High on my list is always my writing, which is both a cathartic and creative outlet. My writing really tells you where I am, although My Thots is only a small part of what I write.

Next is what I am reading. I love to read, but I consider it an extremely personal thing. I read everything from the current best sellers to children's books. Sometimes I only read my own writing. Other times I only read another particular person's writing, so what I am reading is probably a good indicator of where I am at in any given moment.

Third on the list is probably whatever it is I am vocalizing, which includes talking, singing, and playing a musical instrument. This usually comes at the highest of the highs and some of the lower lows. When I am feeling really good and really free I am likely to break out in my "opera singer's" voice. When I am so down I am barely functioning, the piano or Native American Flute become my voice, which is not to say I only play them when I am depressed.
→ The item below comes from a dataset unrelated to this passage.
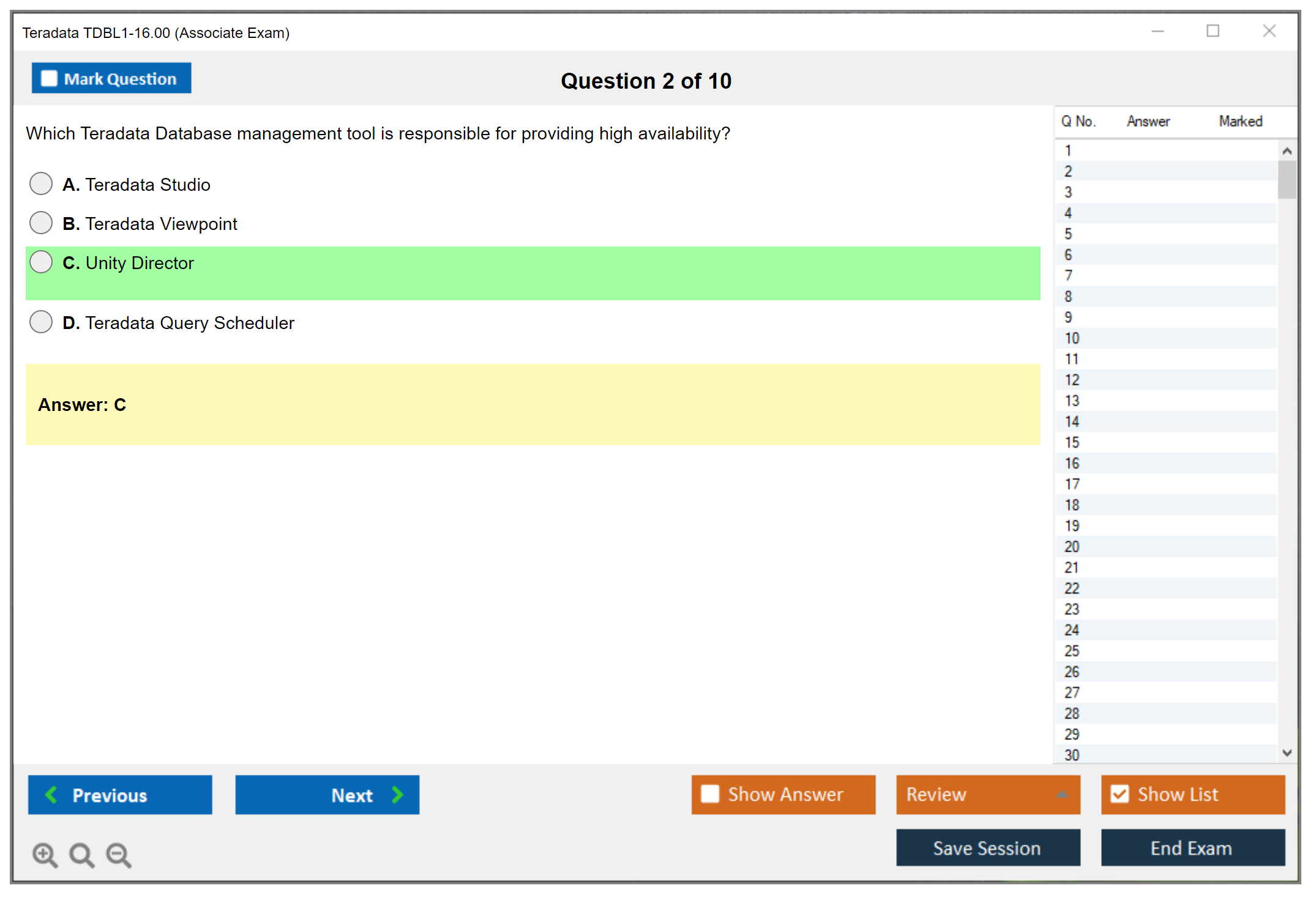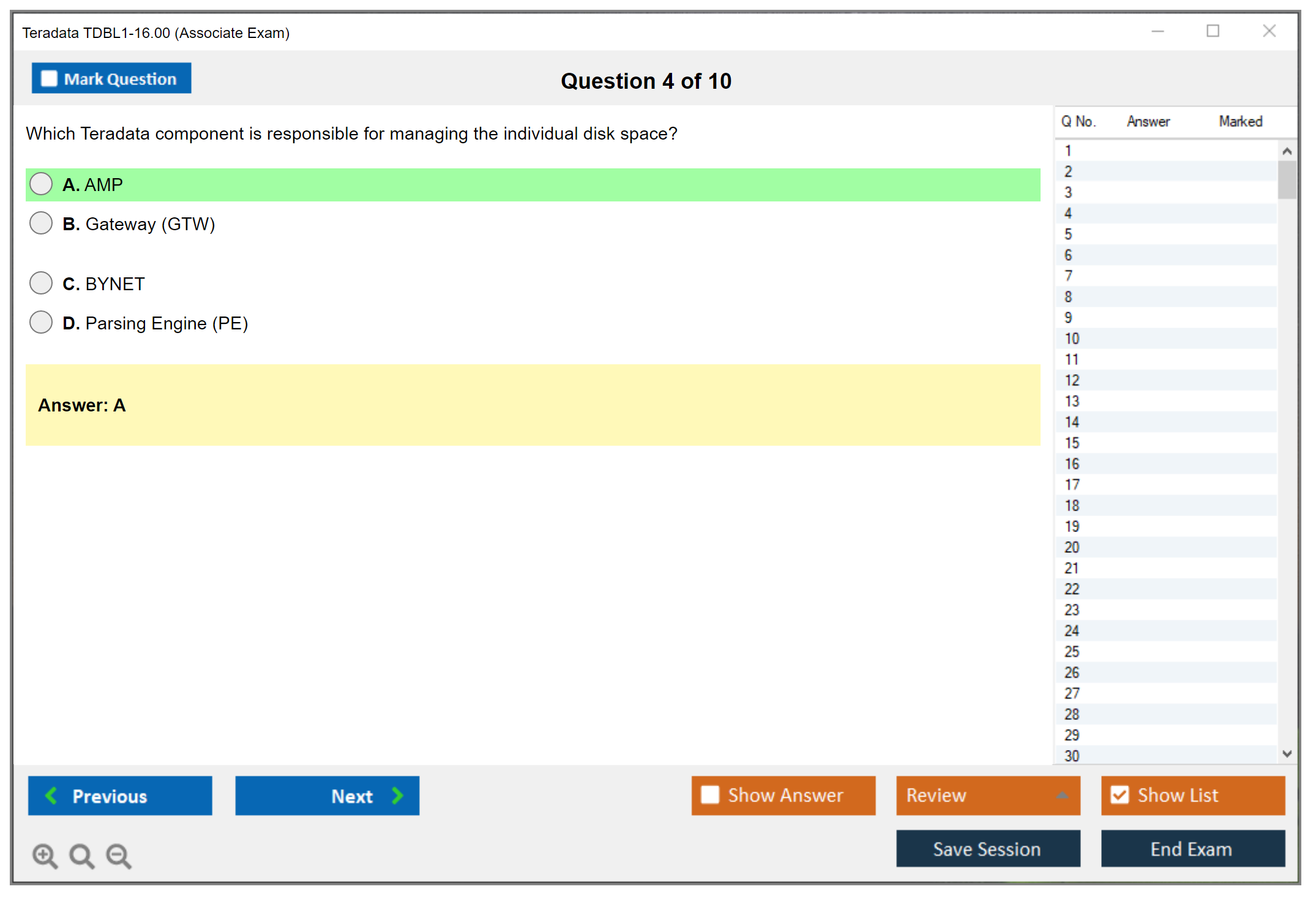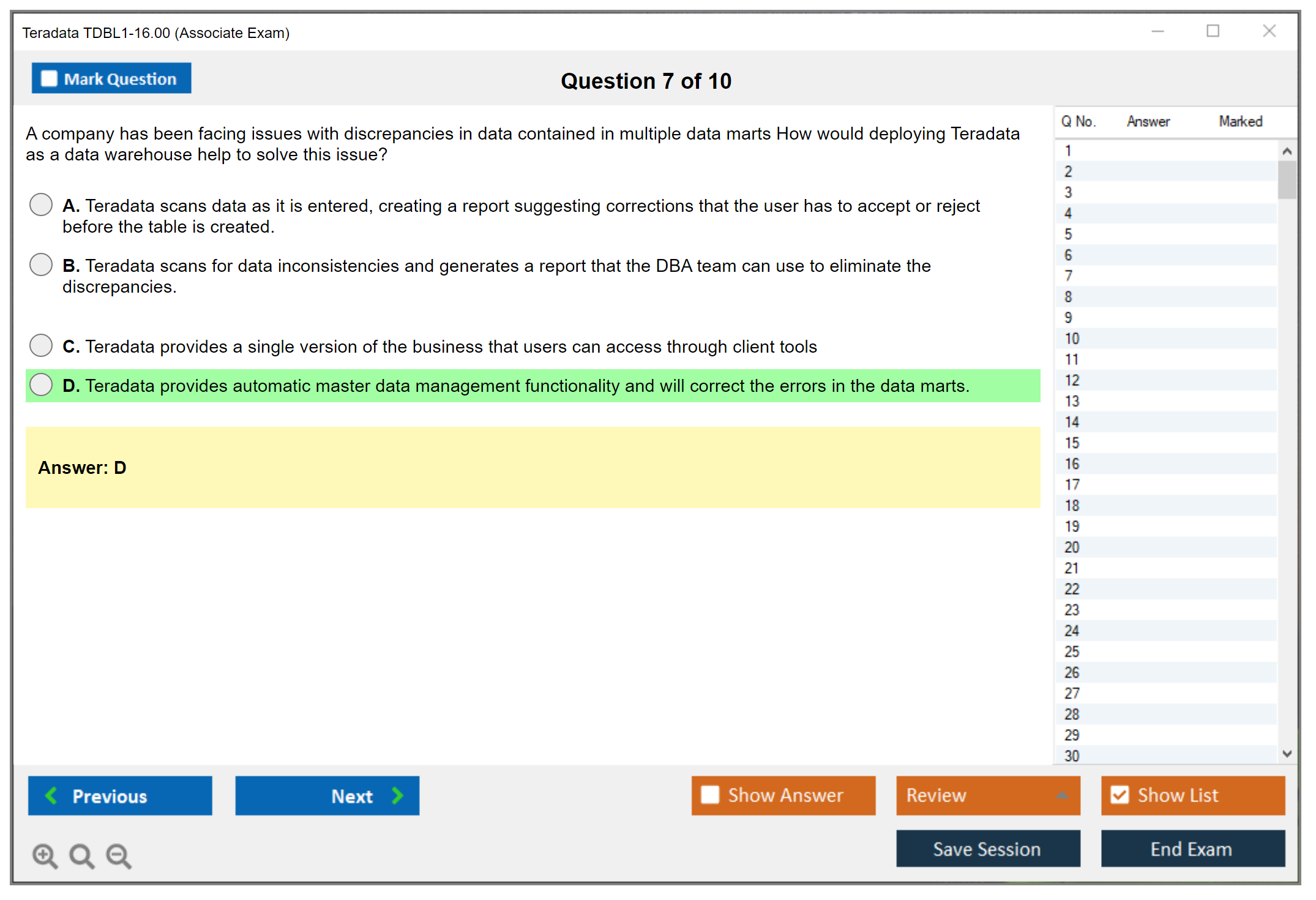The Teradata TDBL1-16.00 (Associate Exam) is designed to validate the knowledge and skills of individuals in using Teradata database technologies. It covers a range of topics including database administration, SQL, and Teradata architecture.

I don't. I play all the time. In fact, I sing most of the time, it is just a fun way to communicate with Lennon. I have a very good ear. Unfortunately, I have only a so-so voice.
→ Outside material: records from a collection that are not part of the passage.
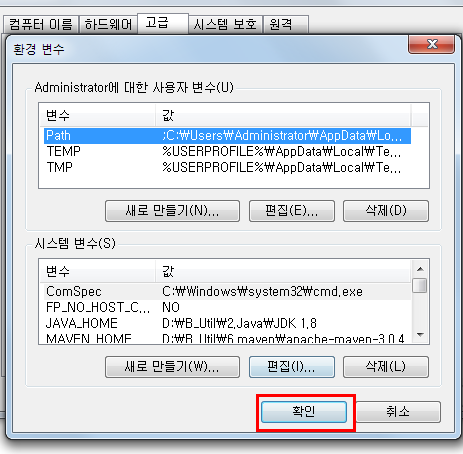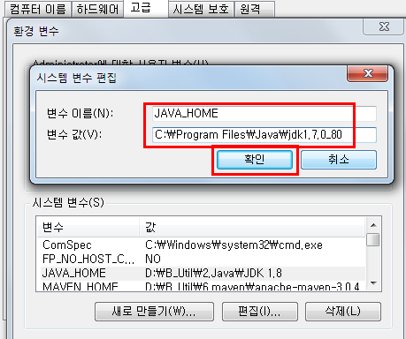 변수 이름은 JAVA_HOME 을 입력해주시고,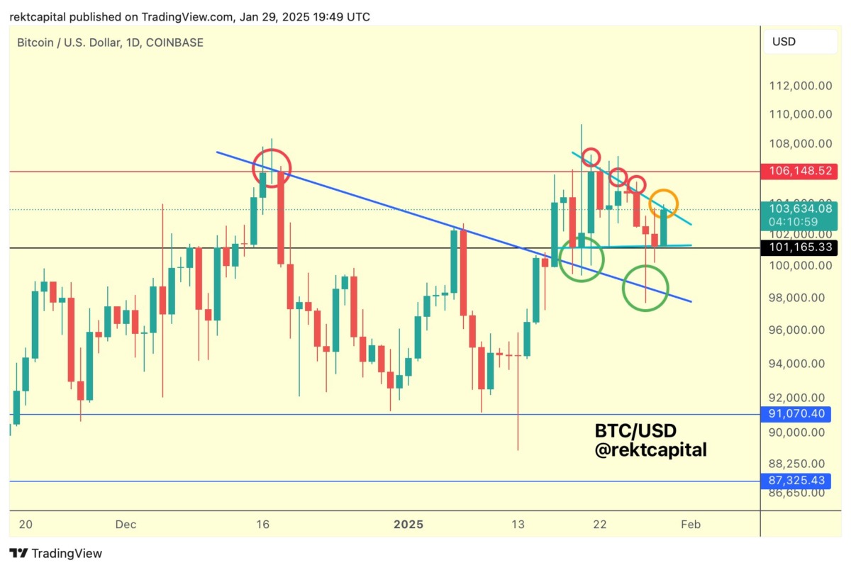 Rekt Capital, daha sonra lider kripto Bitcoin’in bir direnç bölgesini başarıyla yeniden test ettiğini söylüyor. Ancak bir kırılmayı doğrulamak için 106.000 dolar fiyatının üzerinde bir günlük kapanışa ihtiyaç duyduğunu belirtiyor. Bu doğrultuda analist, şu değerlendirmeyi paylaşıyor: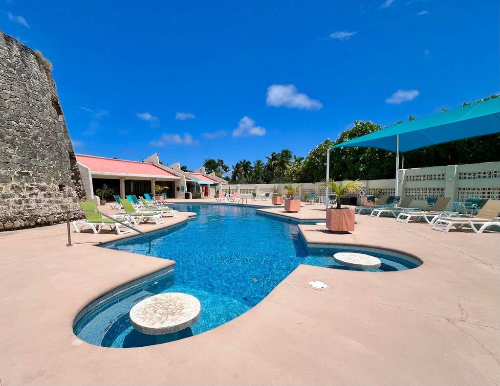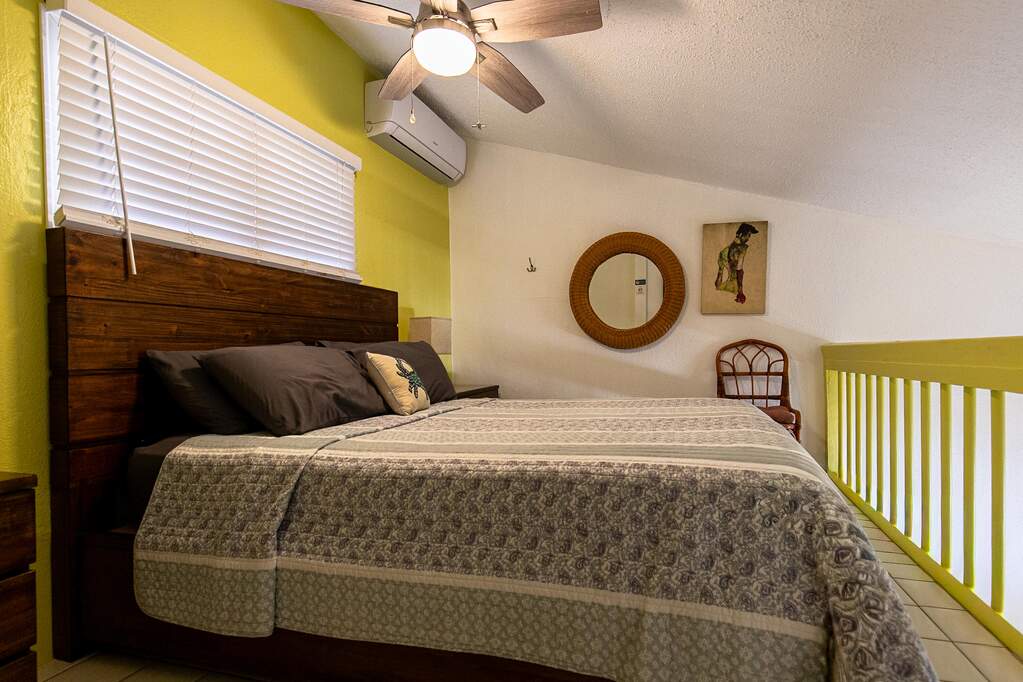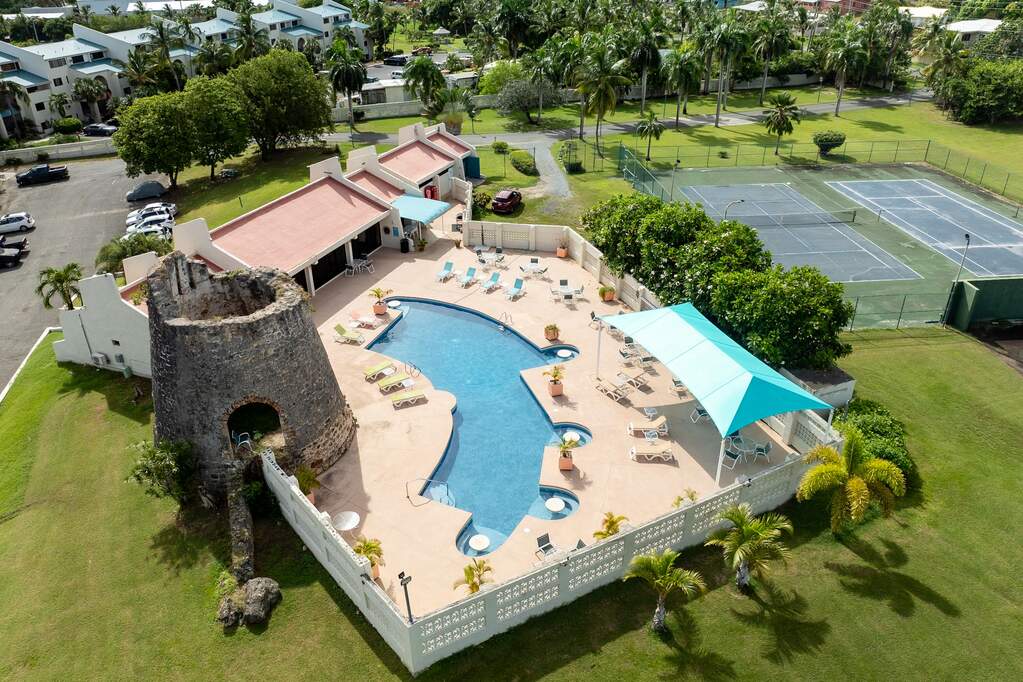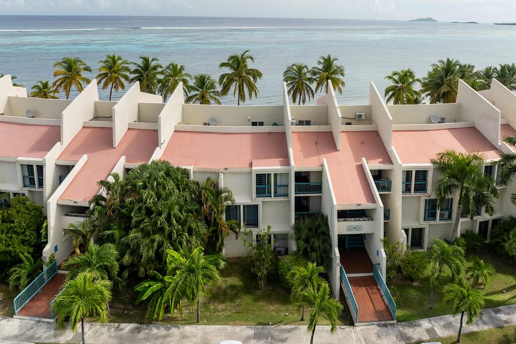 Wake up to the ocean at this loft-style beachfront condo at Sugar Beach. From the covered deck, soak in views of the sand, sea, Buck Island and beyond. The open living area is designed for easy island living with counter seating, dining space and relaxed lounge seating, while the loft bedroom offers a quiet retreat. A/C, washer/dryer and updated furnishings make it move-in ready or rental-ready. Step outside to swim at the beach or the resort-style pool, play tennis or explore the grounds with historic ruins. Sugar Beach is a well-managed waterfront community, ideal for a personal hideaway or rental property with authentic Caribbean charm.
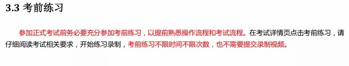 2、正式考试时,考生不得录屏、截屏、投屏、锁屏,否则因此导致考试失败,责任自负。

By the time I get down to how I look, or feel about how I look, I have to be in a pretty good place. My experience with how I look has been shattered so many times by so many people that I tend to keep it safe behind a large wall of indifference. If I find myself starting to care about improving some part of me I have finally realized it is the harbinger of feeling very good. Looking good has become a game for me. It is like a little girl playing dress up. I don't play unless I am happy.

So, when I find myself customizing things on the computer, or painting, or sewing, or whitening my teeth, or trying different skin products my niece gave me a year or two ago -- I know I am in a pretty great place.